**Try it:**
Only the lines below from the one that holds "round trip hike." through the one that holds "青島英派斯健康科技股份有限公司展廳內展陳的各種健身器械(4月22日攝)。" should appear in the answer, copied exactly, end lines included and pictures omitted.
Dataset section section start
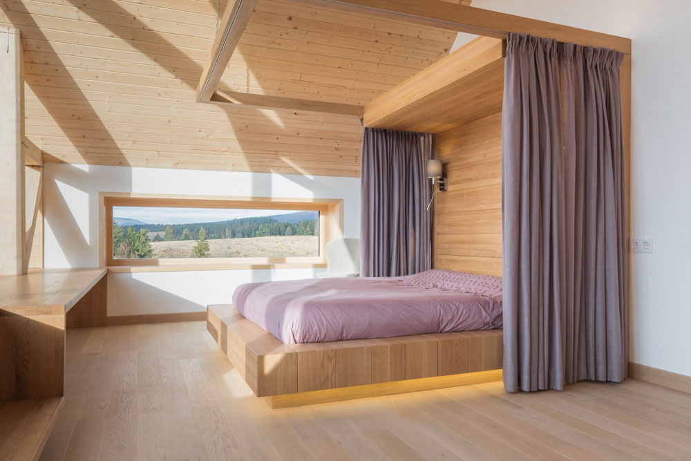 Az óriási ablakok miatt közelinek érzed a természetet. A hálószobában az az izgalmas, hogy emeleten vagy, de ki tudsz sétálni a zöld tetőre. Itt is nagy ablakok vannak, ezért született meg ez a körbefüggönyözhető ágy.
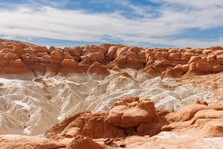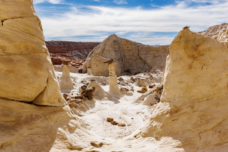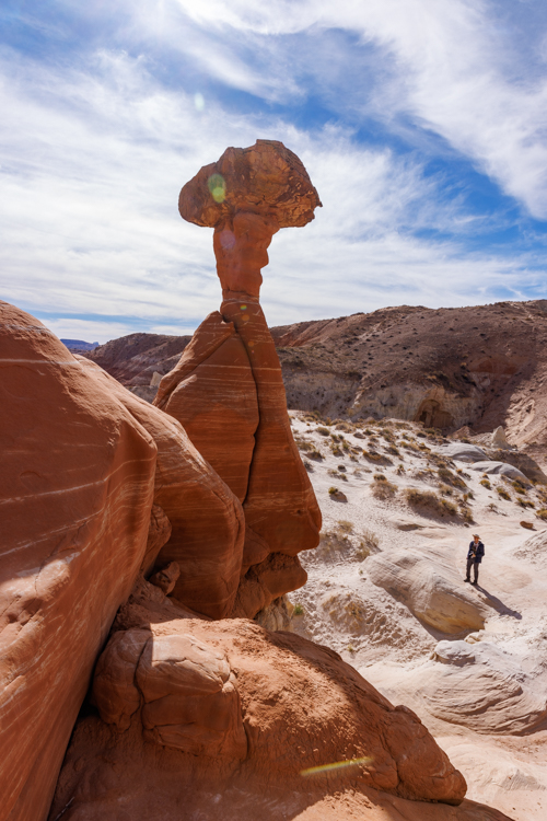 ユタ州にあるトッドスツールズと名付けられたこの場所は、駐車場から1.3km 歩けばつける場所です。でも、面白い場所が奥の方まで続いているので、ぐるりと回ると往復4kmぐらいになります。 The Toadstools in Utah is about a 0.8 mile hike away from the parking lot of the highway. But you can keep going to deeper sections of the park where there are even more interesting toadstools. So, it is about a 2.5 mile round trip hike.
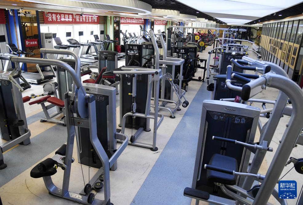 青島英派斯健康科技股份有限公司展廳內展陳的各種健身器械(4月22日攝)。
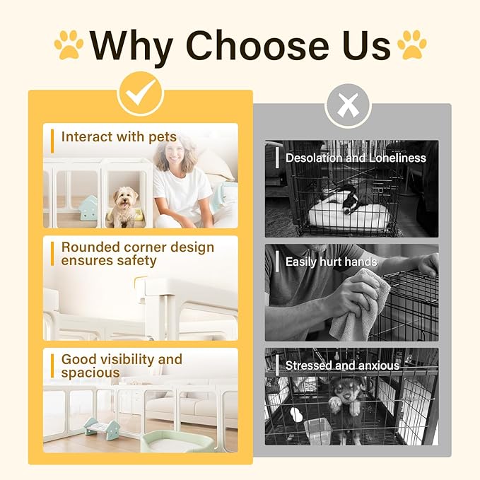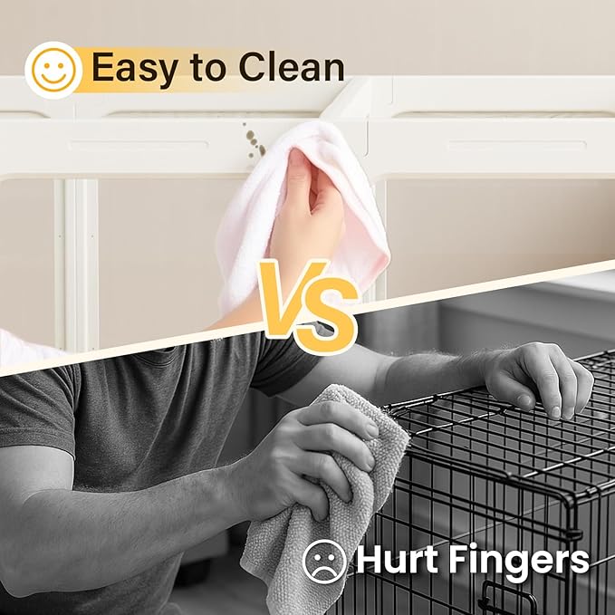 - Modern & Transparent Design: Crafted with acrylic dog playpen panels and reinforced plastic frames, this clear dog play pen offers unmatched transparency to monitor pets while ensuring long-lasting durability. The scratch-resistant surface withstands claws and daily wear, perfect for energetic puppies or curious cats.
Dataset section section end
**Solution below:**
 ユタ州にあるトッドスツールズと名付けられたこの場所は、駐車場から1.3km 歩けばつける場所です。でも、面白い場所が奥の方まで続いているので、ぐるりと回ると往復4kmぐらいになります。 The Toadstools in Utah is about a 0.8 mile hike away from the parking lot of the highway. But you can keep going to deeper sections of the park where there are even more interesting toadstools. So, it is about a 2.5 mile round trip hike.
 青島英派斯健康科技股份有限公司展廳內展陳的各種健身器械(4月22日攝)。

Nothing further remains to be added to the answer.